Nein, die Addition von zwei komplexen Zahlen ergibt eine komplexe Zahl. Keinen int, double oder String. 

Wenn du z.B. 2 und 3 addieren willst, ist das Ergebnis ja nicht 2 + 3 , sondern 5. ;-)


----------



## orangata (18. Mrz 2012)

Heißt das jetzt, dass ich eine komplexe Zahl dann nicht als x1+y1*i schreiben darf , sondern prinzipiell mit RealT und ImaT abkürze.


----------



## Fu3L (18. Mrz 2012)

Ganz genau.
Real + i*Img ist eine Darstellungsform, so wie ein Punkt im 2D-Koordinatensystem ebenso eine Darstellung ist. Wenn du eine Klasse schreibst, suchst du nach der Idee hinter etwas. Und diese Idee ist einfach, eine Zahl aus 2 Teilen zusammenzusetzen.
Deswegen musst du zB in einer add Methode von der Klasse auf der du die methode aufrufst den Realteil plus den Realteil der übergebenen Komplexen Zahl rechnen. Das gleiche für den Imaginärteil. Dann erstellst du eine neue Komplexe Zahl mithilfe deiner beiden Ergebnisse und gibst diese zurück (oder modifizierst die Zahlen der komplexen zahl auf der add aufgerufen wird. Was dir lieber ist)


----------



## Landei (18. Mrz 2012)

Du musst klar unterscheiden zwischen dem Inhalt deiner Klasse und der Repräsentation nach außen hin.

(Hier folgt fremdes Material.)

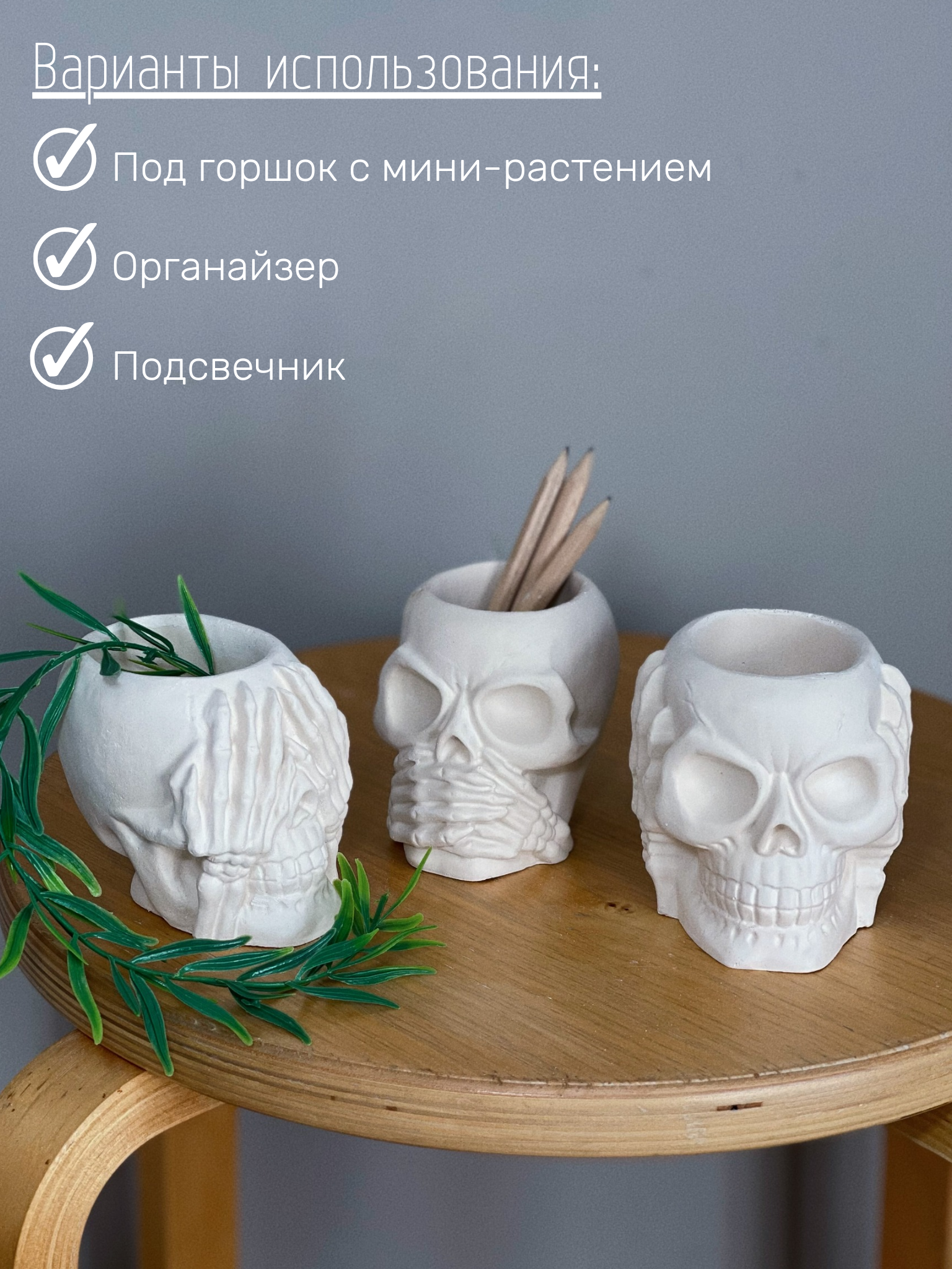 Отзывы на Набор кашпо Черепа "Не вижу, не слышу, не говорю", 8 см, 3 шт, гипс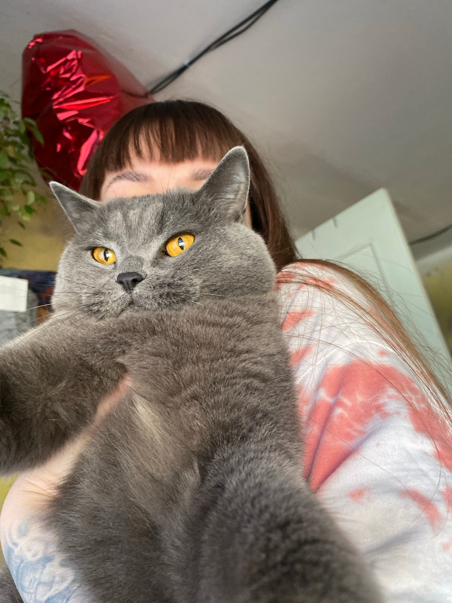 The image, captured with a tilted perspective, features a person and a grey British Shorthair cat in a close-up indoor shot. A person with long brown hair, wearing a white t-shirt with pink tie-dye pa…read more
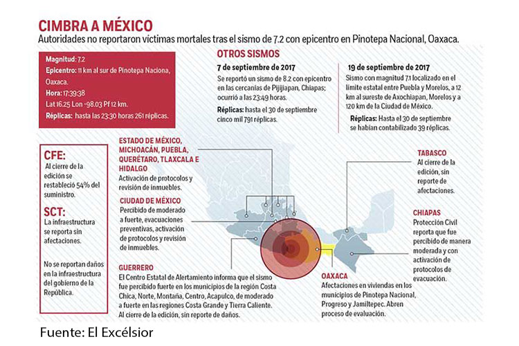 Ciudad de México.- Un sismo de magnitud 7.2 se sintió aproximadamente a las 17:30 horas de ayer en al menos ocho estados del centro y sur del país. Los mayores daños se reportaron en los municipios de Jamiltepec y Pinotepa Nacional, Oaxaca, donde tuvo lugar el epicentro, mientras en las demás entidades sólo hubo afectaciones leves. En algunas entidades se cayó por minutos el servicio telefónico. La Comisión Federal de Electricidad (CFE) reportó que 998 mil hogares y comercios se quedaron sin energía eléctrica durante varias horas.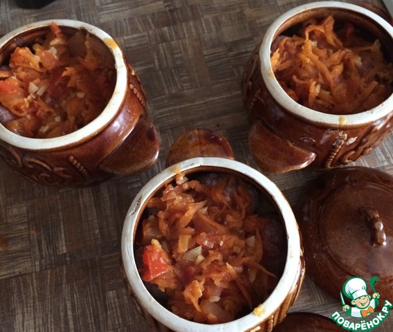 8. Закрываем горшочки крышками и ставим в духовку где- то на 40-50 мин. температура-200 град.

Als Inhalt benötigst du etwas, womit du auch rechnen kannst, also z.B. Real- und Imaginärteil als [c]double[/c]. Für eine hübsche Darstellung auf der Konsole überschreibst du die [c]toString[/c]-Methode, damit bei einem [c]System.out.println[/c] ein "42+4i" oder so rauskommt.


----------